What needs to be done
An exact transcription of the entries is required, with none of the pictures carried over.

*** Data for review ***

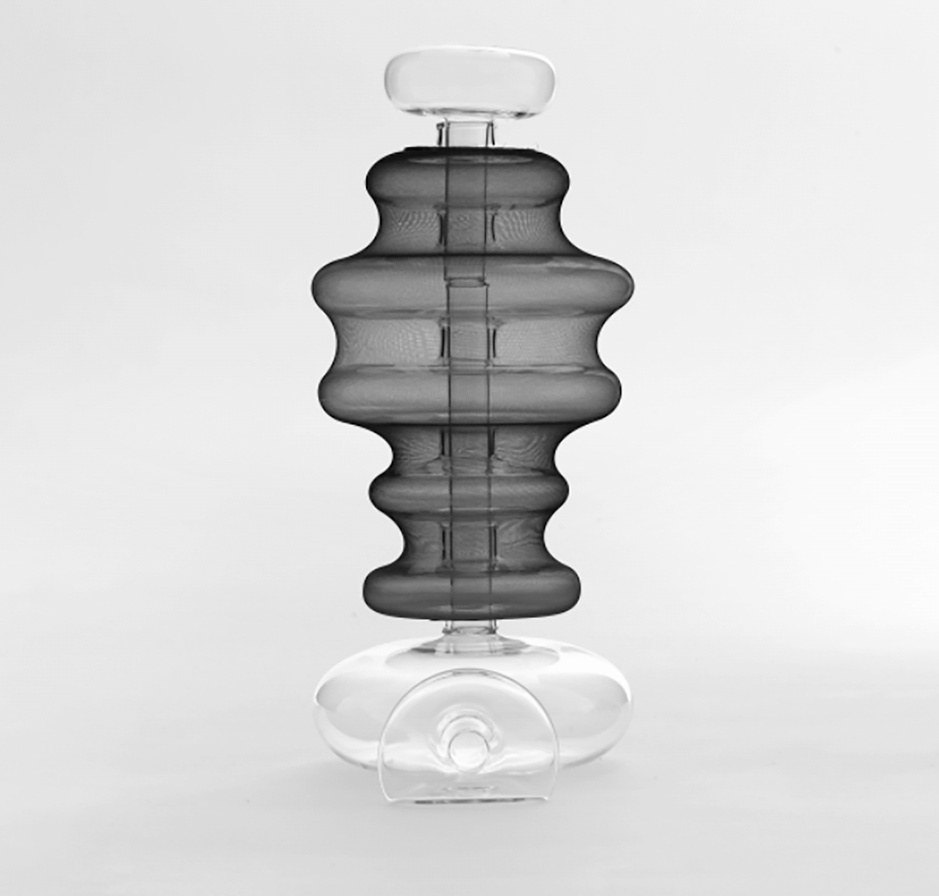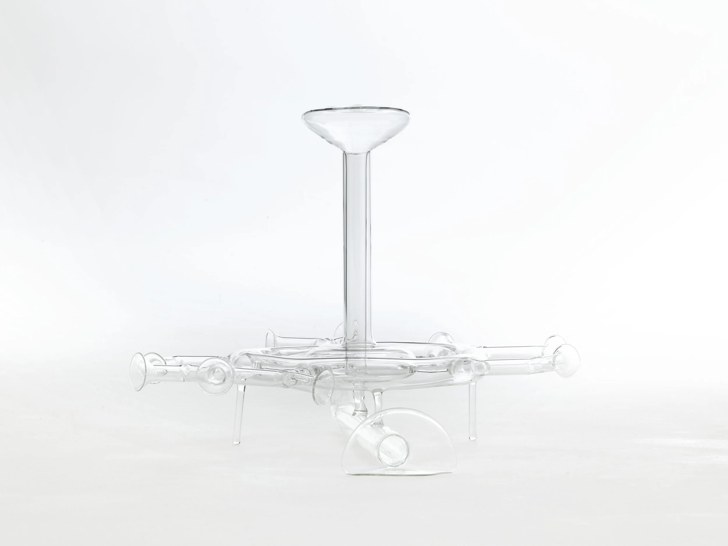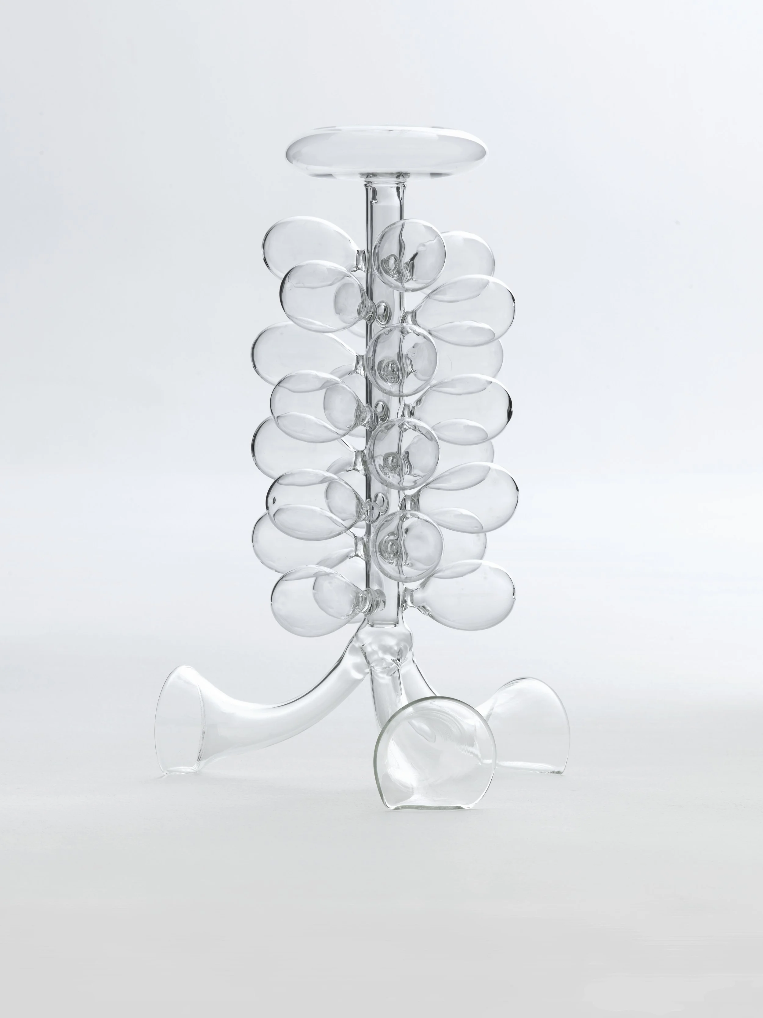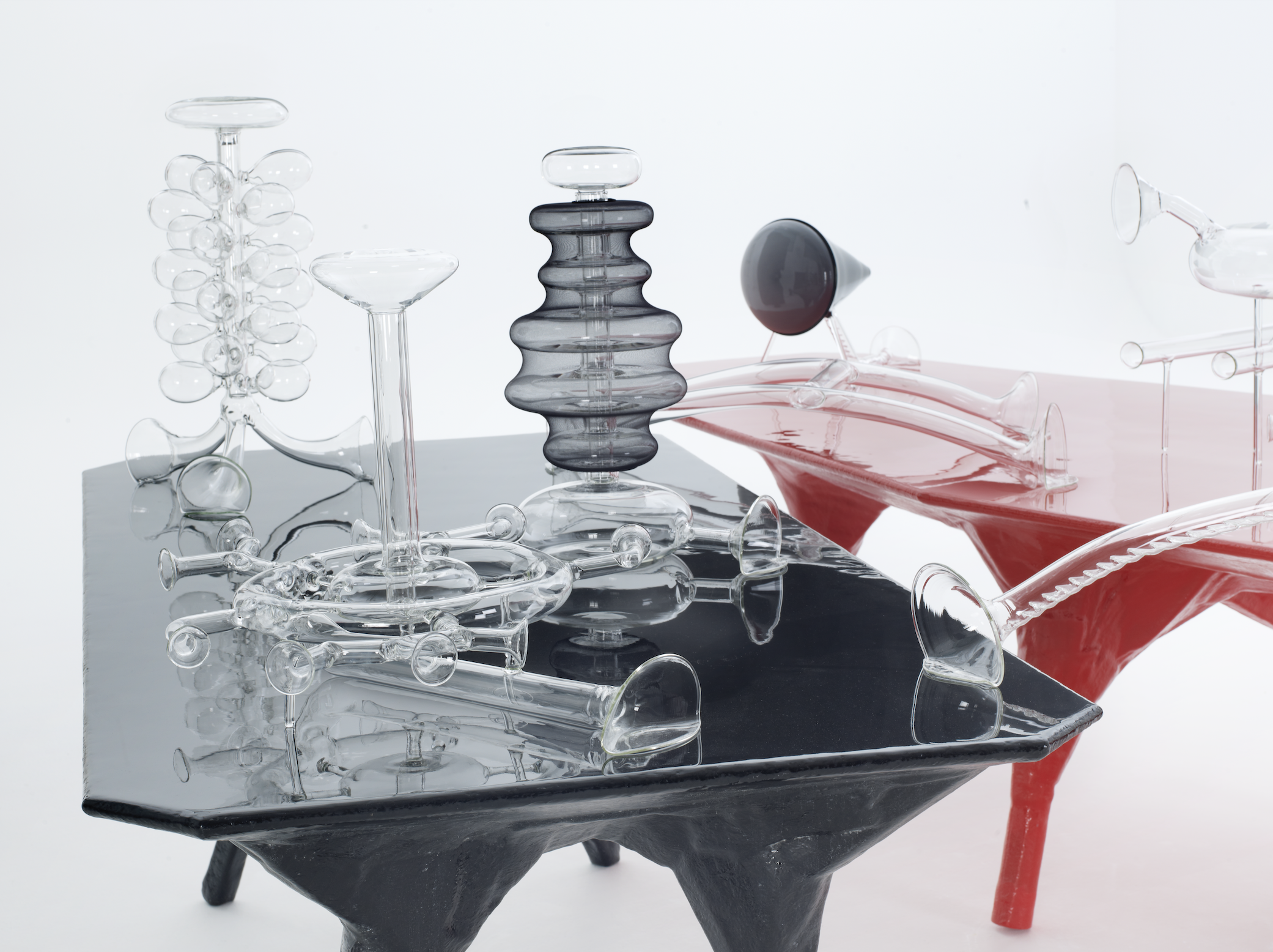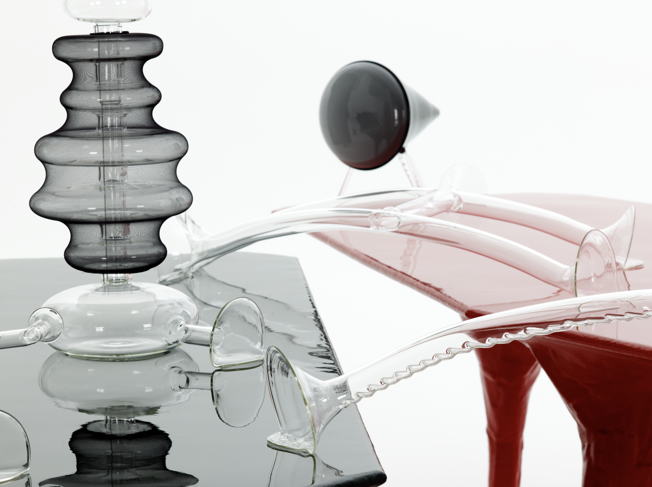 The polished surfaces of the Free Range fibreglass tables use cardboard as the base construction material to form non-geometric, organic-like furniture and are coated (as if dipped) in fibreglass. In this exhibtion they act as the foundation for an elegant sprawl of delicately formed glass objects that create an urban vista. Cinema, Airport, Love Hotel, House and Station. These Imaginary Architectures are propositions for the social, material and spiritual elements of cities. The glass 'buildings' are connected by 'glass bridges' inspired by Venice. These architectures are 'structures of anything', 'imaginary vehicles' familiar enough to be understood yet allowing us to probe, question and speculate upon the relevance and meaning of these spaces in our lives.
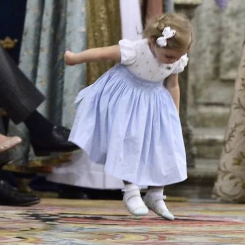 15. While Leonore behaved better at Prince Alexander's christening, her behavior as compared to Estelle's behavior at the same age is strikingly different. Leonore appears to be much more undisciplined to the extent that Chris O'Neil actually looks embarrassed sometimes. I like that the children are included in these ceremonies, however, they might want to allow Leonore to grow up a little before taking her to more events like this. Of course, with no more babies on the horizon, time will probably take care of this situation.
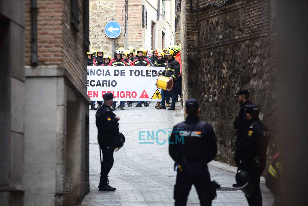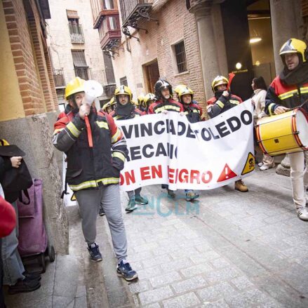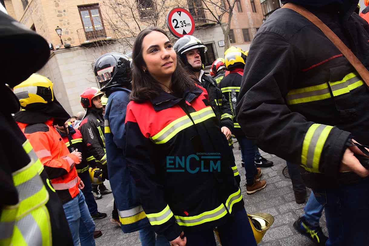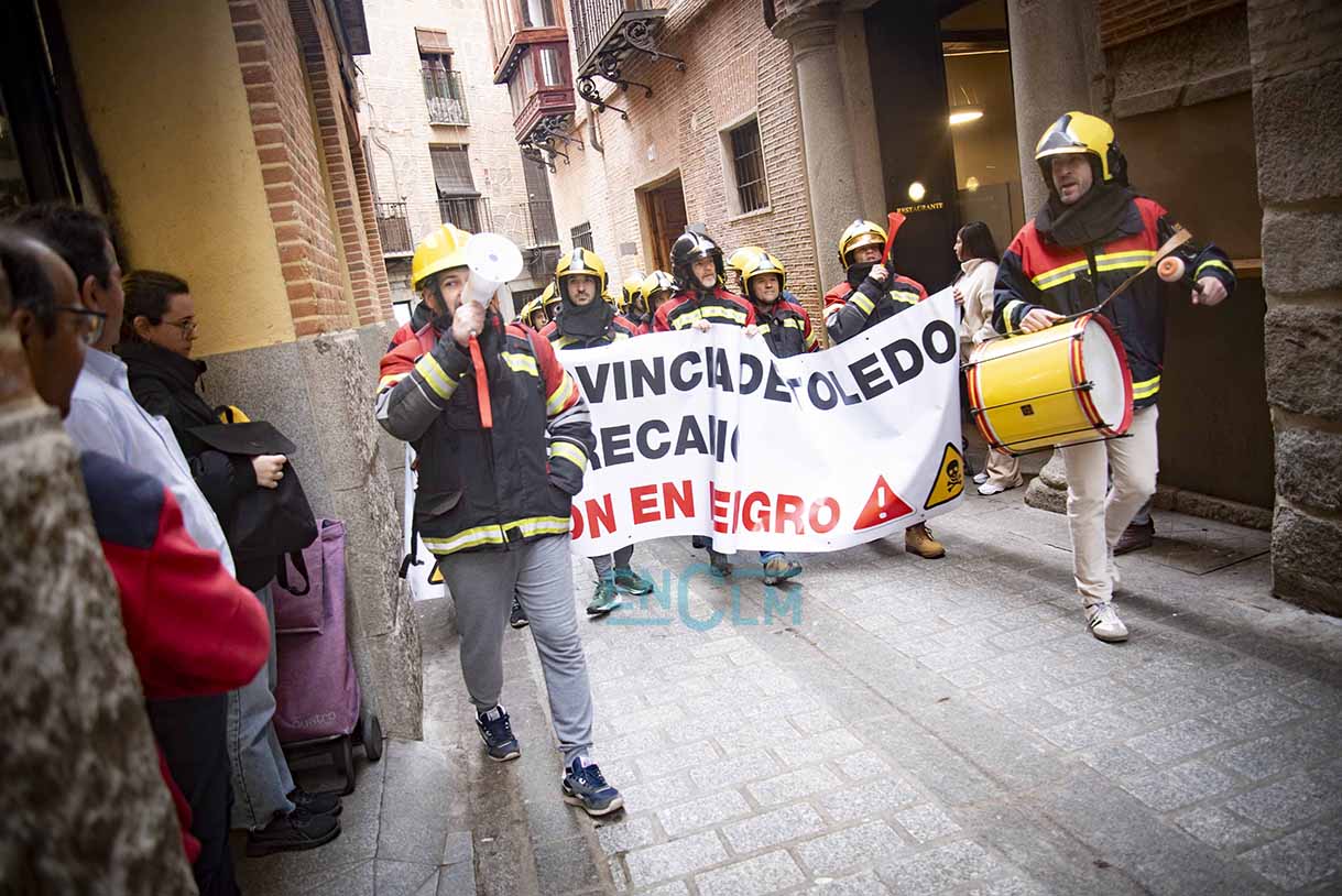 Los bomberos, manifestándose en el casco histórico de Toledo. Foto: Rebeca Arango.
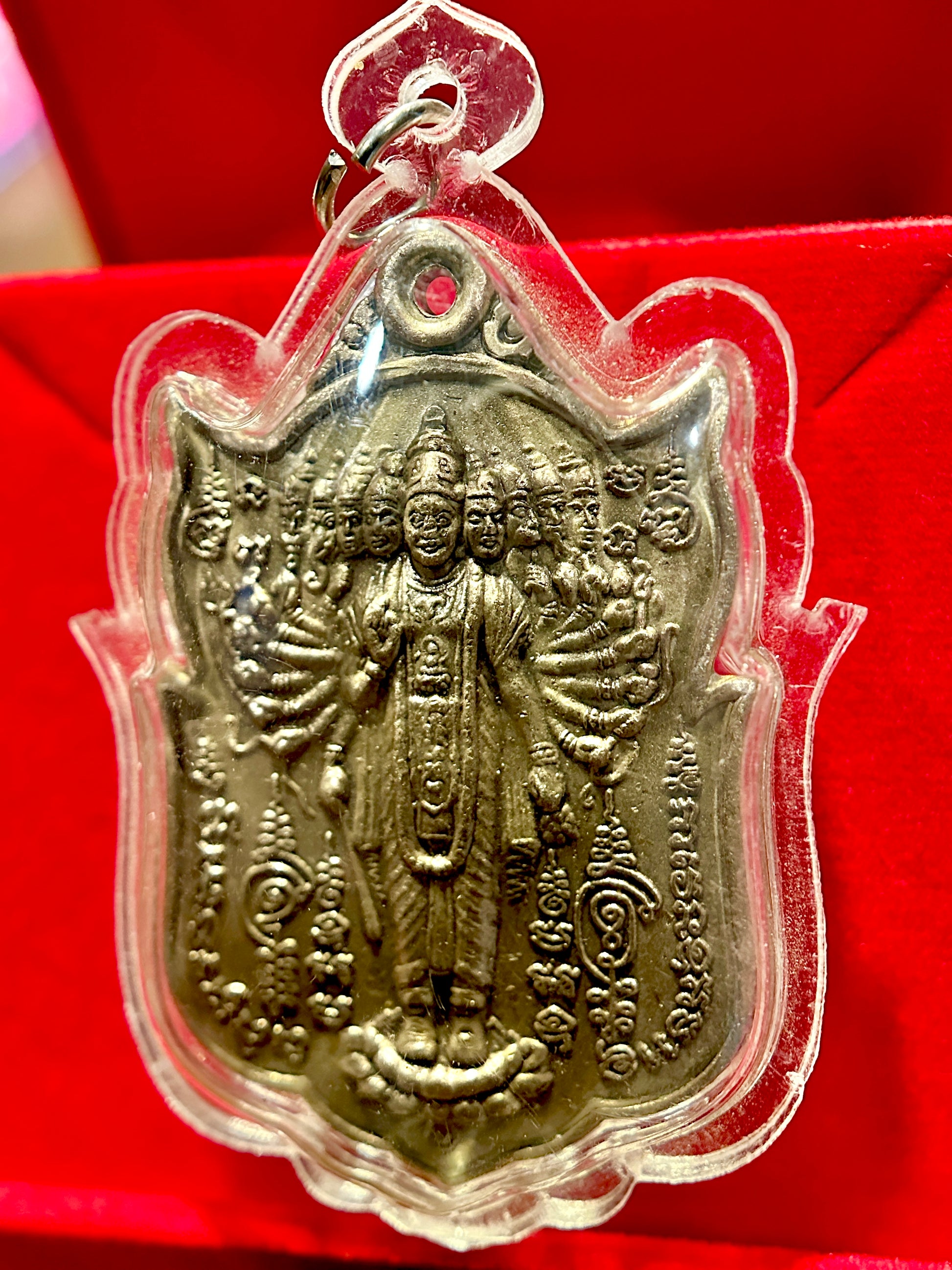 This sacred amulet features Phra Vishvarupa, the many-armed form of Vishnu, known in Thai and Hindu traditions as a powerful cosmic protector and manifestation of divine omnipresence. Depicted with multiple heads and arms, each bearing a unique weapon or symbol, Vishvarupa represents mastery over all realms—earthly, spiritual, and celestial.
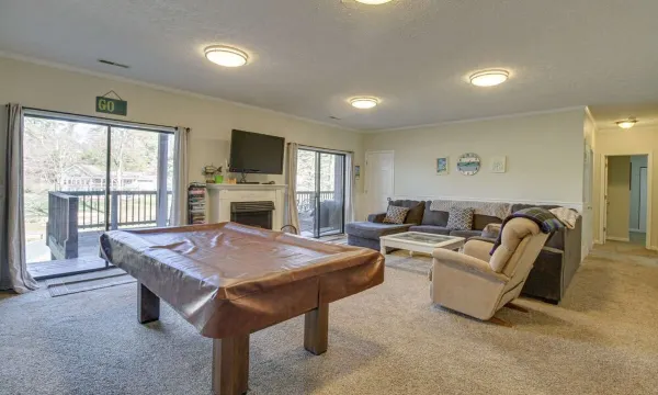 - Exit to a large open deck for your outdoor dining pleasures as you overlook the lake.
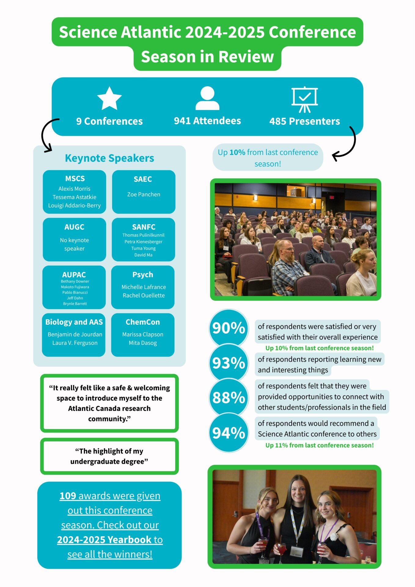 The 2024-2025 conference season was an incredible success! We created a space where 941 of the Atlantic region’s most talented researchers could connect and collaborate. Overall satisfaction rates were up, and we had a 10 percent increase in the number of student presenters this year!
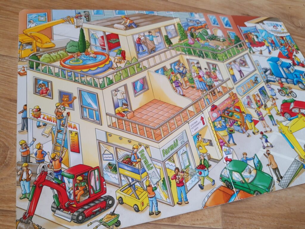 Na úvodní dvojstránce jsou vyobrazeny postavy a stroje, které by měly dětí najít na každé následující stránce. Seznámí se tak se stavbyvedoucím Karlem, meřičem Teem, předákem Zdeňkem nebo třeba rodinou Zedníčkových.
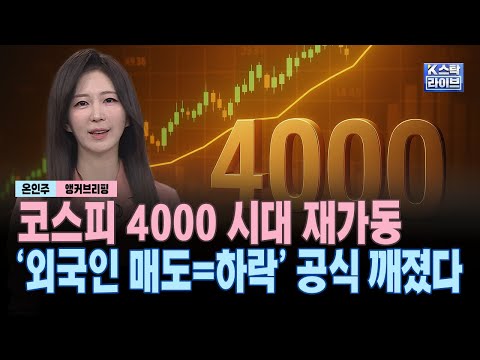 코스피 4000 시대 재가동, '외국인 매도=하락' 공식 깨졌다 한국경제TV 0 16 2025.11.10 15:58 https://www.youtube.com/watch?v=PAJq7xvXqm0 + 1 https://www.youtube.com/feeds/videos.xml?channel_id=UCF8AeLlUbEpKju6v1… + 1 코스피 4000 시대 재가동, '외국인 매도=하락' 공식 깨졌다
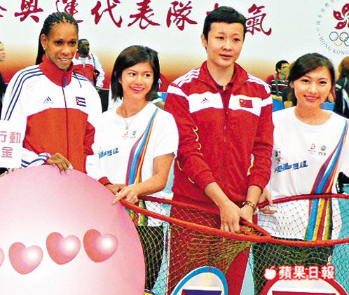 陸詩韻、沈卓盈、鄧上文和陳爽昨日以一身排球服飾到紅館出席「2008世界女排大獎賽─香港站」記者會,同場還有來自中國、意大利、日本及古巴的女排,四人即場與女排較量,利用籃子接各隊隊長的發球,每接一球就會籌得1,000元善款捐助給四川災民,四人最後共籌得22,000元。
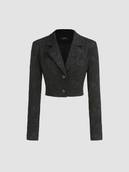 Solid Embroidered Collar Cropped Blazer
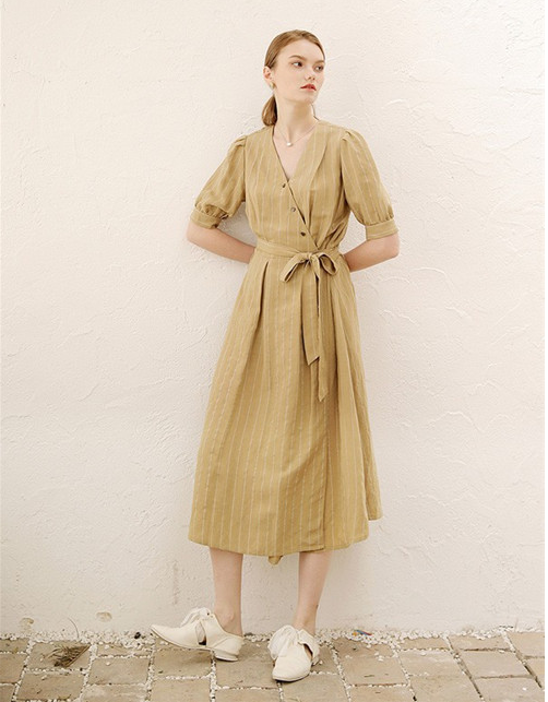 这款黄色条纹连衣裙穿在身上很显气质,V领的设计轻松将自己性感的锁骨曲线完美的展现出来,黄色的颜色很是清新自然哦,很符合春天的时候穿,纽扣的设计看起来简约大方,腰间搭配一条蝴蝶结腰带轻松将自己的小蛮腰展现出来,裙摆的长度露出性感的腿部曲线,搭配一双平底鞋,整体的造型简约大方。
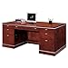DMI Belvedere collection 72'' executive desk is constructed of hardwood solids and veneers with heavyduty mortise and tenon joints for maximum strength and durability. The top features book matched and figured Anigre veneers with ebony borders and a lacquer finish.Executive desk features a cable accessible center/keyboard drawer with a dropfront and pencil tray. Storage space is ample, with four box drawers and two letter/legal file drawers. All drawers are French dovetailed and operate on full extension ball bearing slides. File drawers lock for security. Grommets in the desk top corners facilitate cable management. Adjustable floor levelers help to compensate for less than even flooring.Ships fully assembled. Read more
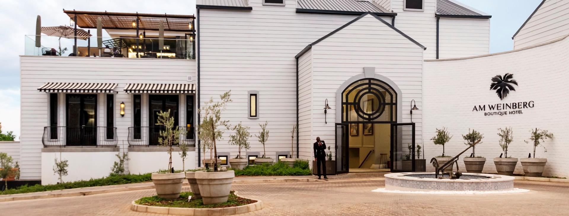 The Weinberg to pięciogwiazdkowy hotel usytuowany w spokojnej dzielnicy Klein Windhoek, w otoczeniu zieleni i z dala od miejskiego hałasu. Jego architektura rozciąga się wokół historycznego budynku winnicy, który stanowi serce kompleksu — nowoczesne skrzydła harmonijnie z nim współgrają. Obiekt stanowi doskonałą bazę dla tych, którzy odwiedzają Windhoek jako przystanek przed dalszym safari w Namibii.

*** End of Data for review ***

Finished exercise
 The polished surfaces of the Free Range fibreglass tables use cardboard as the base construction material to form non-geometric, organic-like furniture and are coated (as if dipped) in fibreglass. In this exhibtion they act as the foundation for an elegant sprawl of delicately formed glass objects that create an urban vista. Cinema, Airport, Love Hotel, House and Station. These Imaginary Architectures are propositions for the social, material and spiritual elements of cities. The glass 'buildings' are connected by 'glass bridges' inspired by Venice. These architectures are 'structures of anything', 'imaginary vehicles' familiar enough to be understood yet allowing us to probe, question and speculate upon the relevance and meaning of these spaces in our lives.
 15. While Leonore behaved better at Prince Alexander's christening, her behavior as compared to Estelle's behavior at the same age is strikingly different. Leonore appears to be much more undisciplined to the extent that Chris O'Neil actually looks embarrassed sometimes. I like that the children are included in these ceremonies, however, they might want to allow Leonore to grow up a little before taking her to more events like this. Of course, with no more babies on the horizon, time will probably take care of this situation.
 Los bomberos, manifestándose en el casco histórico de Toledo. Foto: Rebeca Arango.
 This sacred amulet features Phra Vishvarupa, the many-armed form of Vishnu, known in Thai and Hindu traditions as a powerful cosmic protector and manifestation of divine omnipresence. Depicted with multiple heads and arms, each bearing a unique weapon or symbol, Vishvarupa represents mastery over all realms—earthly, spiritual, and celestial.
 - Exit to a large open deck for your outdoor dining pleasures as you overlook the lake.
 The 2024-2025 conference season was an incredible success! We created a space where 941 of the Atlantic region’s most talented researchers could connect and collaborate. Overall satisfaction rates were up, and we had a 10 percent increase in the number of student presenters this year!
 Na úvodní dvojstránce jsou vyobrazeny postavy a stroje, které by měly dětí najít na každé následující stránce. Seznámí se tak se stavbyvedoucím Karlem, meřičem Teem, předákem Zdeňkem nebo třeba rodinou Zedníčkových.
 코스피 4000 시대 재가동, '외국인 매도=하락' 공식 깨졌다 한국경제TV 0 16 2025.11.10 15:58 https://www.youtube.com/watch?v=PAJq7xvXqm0 + 1 https://www.youtube.com/feeds/videos.xml?channel_id=UCF8AeLlUbEpKju6v1… + 1 코스피 4000 시대 재가동, '외국인 매도=하락' 공식 깨졌다
 陸詩韻、沈卓盈、鄧上文和陳爽昨日以一身排球服飾到紅館出席「2008世界女排大獎賽─香港站」記者會,同場還有來自中國、意大利、日本及古巴的女排,四人即場與女排較量,利用籃子接各隊隊長的發球,每接一球就會籌得1,000元善款捐助給四川災民,四人最後共籌得22,000元。
 Solid Embroidered Collar Cropped Blazer
 这款黄色条纹连衣裙穿在身上很显气质,V领的设计轻松将自己性感的锁骨曲线完美的展现出来,黄色的颜色很是清新自然哦,很符合春天的时候穿,纽扣的设计看起来简约大方,腰间搭配一条蝴蝶结腰带轻松将自己的小蛮腰展现出来,裙摆的长度露出性感的腿部曲线,搭配一双平底鞋,整体的造型简约大方。
DMI Belvedere collection 72'' executive desk is constructed of hardwood solids and veneers with heavyduty mortise and tenon joints for maximum strength and durability. The top features book matched and figured Anigre veneers with ebony borders and a lacquer finish.Executive desk features a cable accessible center/keyboard drawer with a dropfront and pencil tray. Storage space is ample, with four box drawers and two letter/legal file drawers. All drawers are French dovetailed and operate on full extension ball bearing slides. File drawers lock for security. Grommets in the desk top corners facilitate cable management. Adjustable floor levelers help to compensate for less than even flooring.Ships fully assembled. Read more
 The Weinberg to pięciogwiazdkowy hotel usytuowany w spokojnej dzielnicy Klein Windhoek, w otoczeniu zieleni i z dala od miejskiego hałasu. Jego architektura rozciąga się wokół historycznego budynku winnicy, który stanowi serce kompleksu — nowoczesne skrzydła harmonijnie z nim współgrają. Obiekt stanowi doskonałą bazę dla tych, którzy odwiedzają Windhoek jako przystanek przed dalszym safari w Namibii.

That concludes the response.